По ее голосу можно было сделать вывод, что она поражена и не верит ему. Джим с жалостью посмотрел на Сэйдж. Какое потрясение ее ожидает в следующее воскресенье! Совершенно очевидно, что его соседка даже не подозревает, какого рода прихожане обитают в Коттонвуде.

И тогда он решил, что, пожалуй, единственное, что можно сделать в этой ситуации, — это пойти в церковь вместе с Сэйдж. По крайней мере ему удастся предложить ей моральную поддержку, когда ее попытка познакомиться с «ДАМАМИ» натолкнется на холодные взгляды. Джим засмеялся своим мыслям. Когда он заявится на службу, приходские кумушки испытают такой шок, что пожалуй, забудут задрать свои носы перед Сэйдж.


Во все следующие дни Джим взял себе за правило сидеть рядом с Сэйдж на лавочке во время ее ежедневного часового моциона. Они сидели и просто болтали.

Из этих разговоров он узнал, что Сэйдж, оказывается, уже тридцать два года, а совсем не «чуть больше двадцати», как ему показалось вначале. Однако, когда Джим поймал себя на том, что обрадовался этой новости, в следующую минуту цинично расхохотался над самим собой. Ему то что за разница, сколько ей — тридцать два или двадцать два? Она женщина не его типа. Ему нужны грубоватые, горячие подружки, которые не ждут от него больше того, что он может им дать в постели.

Сэйдж Ларкин — леди до мозга костей. И она будет ждать от мужчины большего. Во всяком случае, значительно больше, чем Джим Латур хочет дать. Все лучшее, что было у него, он отдал Клео, и для других женщин у него ничего не осталось.

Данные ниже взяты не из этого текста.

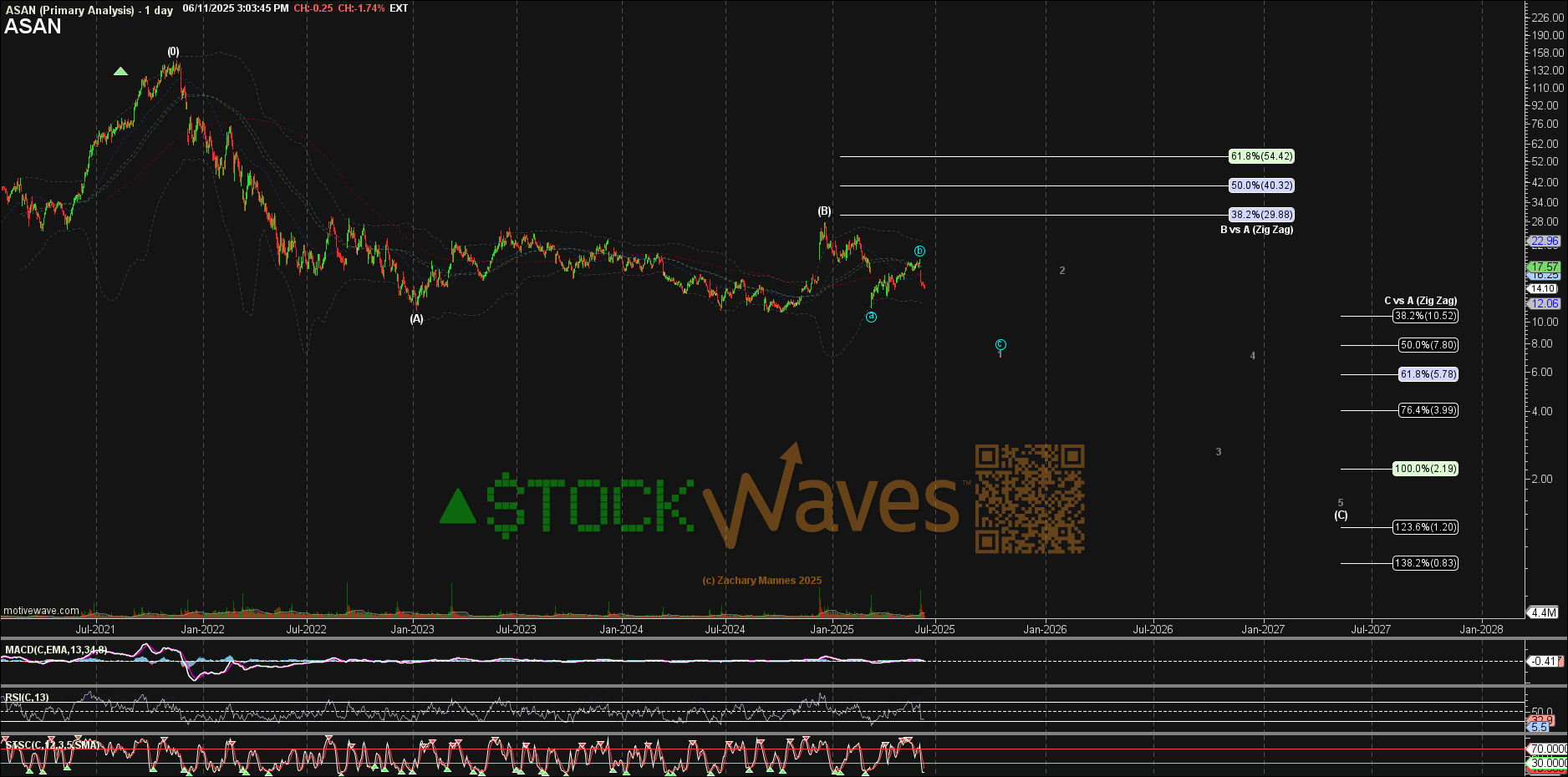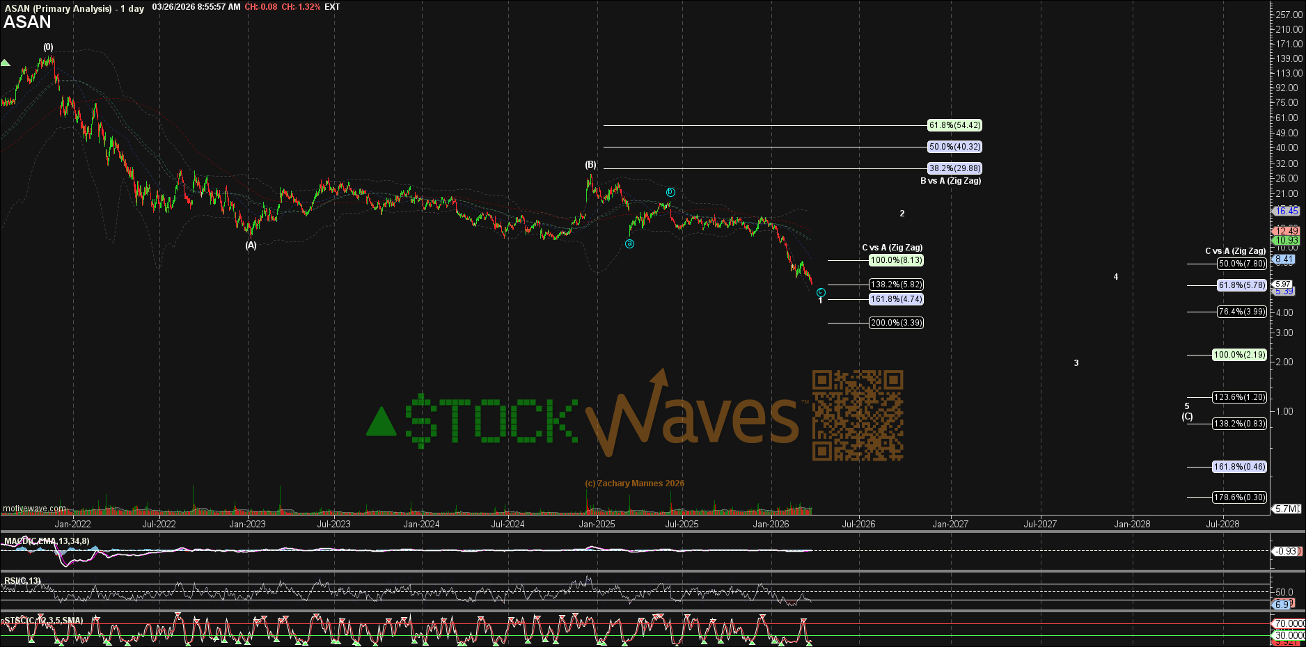 The current structure anticipates one more bounce — likely a wave 4 recovery — followed by a final decline into the target zone. That sequence, if it completes as drawn, would represent the conclusion of a corrective pattern that began when ASAN peaked above $140 in late 2021.
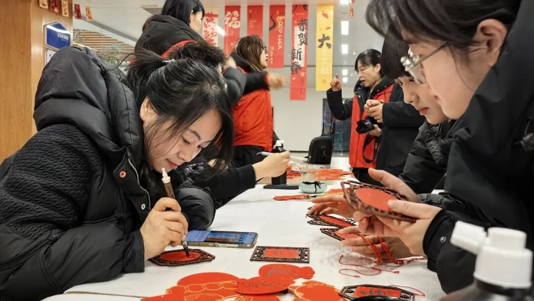 活動還特設有“DIY創意區”,提供空白對聯、扇面和各式各樣新春吊牌,邀請有需求和愛好的職工及家屬小朋友自行拿毛筆手工書寫制作,讓大家沉浸式感受傳統文化的藝術魅力。
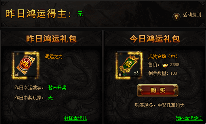 活动期间,购买限购礼包赢取幸运大奖,奖励极品限时称号。(全服限量买到即赚到)购买礼包越多,中奖几率越大!

И все таки, никогда раньше ни одну женщину он не желал так страстно, как эту прекрасную вдову. Всякий раз, когда Джим на нее смотрел, в его груди вспыхивало такое желание, что ему стоило больших усилий сдержать себя!


Перед тем, как идти в церковь на воскресную службу, Сэйдж испытывала особо острую тоску по своим утерянным родственникам. Она скорбела о нежной Мэри, весельчаке Кейле и о тихом, уравновешенном Артуре, ее муже в течение четырнадцати лет.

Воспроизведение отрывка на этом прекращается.